*** Begin section ***
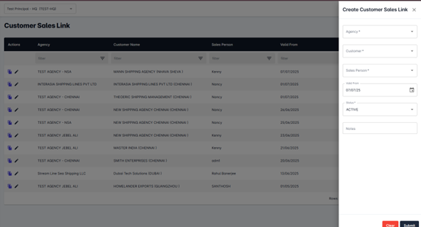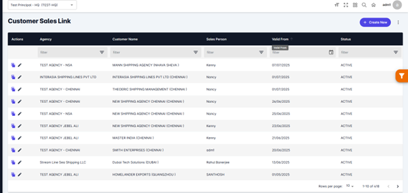 The Customer Sales Link module allows users to associate customers with salespersons and agencies, ensuring clear ownership, performance tracking, and responsibility allocation within the sales process. This mapping enhances accountability and visibility for customer engagement.
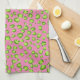 Modern Green Pink Leopard Pattern Animal Print Kitchen Towel
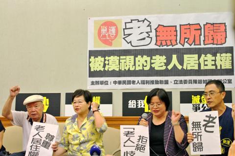 Democratic Progressive Party Legislator Chen Chieh-ju (陳節如), who accompanied the groups in the press conference, urged the government to address the housing needs of senior citizens, as Taiwan is an aging society.
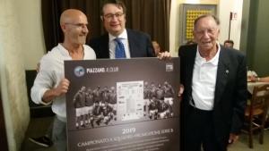 Novara - Giovedì sera presso il Ristorante annesso al Circolo in via Patti, il TC Piazzano ha festeggiato assieme ai suoi sponsor sostenitori, ai rappresentanti delle istituzioni novaresi, ai suoi dirigenti e tecnici, la recente promozione della sua squadra in serie B. Pur atteso da altri impegni improrogabili, non è mancato il sindaco Alessandro Canelli, passato prima dell’inizio della serata per un saluto, ma rappresentato poi dell’Assessore allo Sport, Marina Chiarelli. A fare gli onori di casa il presidente, Domenico Foti, ed il Direttore Generale, Marco Morotti, che nei loro interventi hanno ringraziato i giocatori, purtroppo assenti per impegni sportivi in atto, per aver finalmente coronato un sogno che il Circolo agognava da tempo ma, hanno sottolineato che, senza l’organizzazione interna curata dal D.S. Roberto Rosso Chioso, quella tecnica del D.T. Matteo Sacchi e quella sul campo nelle giornate di gara del capitano Fabio Visentin e soprattutto, davanti a tutto, l’appoggio degli sponsor, questo obbiettivo non si sarebbe potuto centrare. Ma il presidente Foti non si è fermato lì e si è lasciato andare a lanciare un nuovo messaggio: “Non vogliamo accontentarci, la A2 non deve essere un miraggio. L’anno prossimo ci proviamo!”. E dopo aver scoperto il quadro che commemora lo straordinario traguardo e che farà bella mostra di se a fianco di quelli già presenti nella Hall of Fame della Società, è stata la Delegata Coni di Novara, Rosalba Fecchio a comunicare ufficialmente che il Club Piazzano è stato insignito della Stella di Bronzo al merito sportivo del Coni e che il suo presidente si potrà fregiare di quella d’Argento. Le onorificenze saranno consegnate nel tradizionale appuntamento delle premiazioni Coni del prossimo dicembre.
*** End section ***
Exercise requirements:
From the top of the listing above, repeat each line exactly until you reach the line containing "Democratic Progressive Party", and repeat that one too. Leave the pictures out.

Written response:
 The Customer Sales Link module allows users to associate customers with salespersons and agencies, ensuring clear ownership, performance tracking, and responsibility allocation within the sales process. This mapping enhances accountability and visibility for customer engagement.
 Modern Green Pink Leopard Pattern Animal Print Kitchen Towel
 Democratic Progressive Party Legislator Chen Chieh-ju (陳節如), who accompanied the groups in the press conference, urged the government to address the housing needs of senior citizens, as Taiwan is an aging society.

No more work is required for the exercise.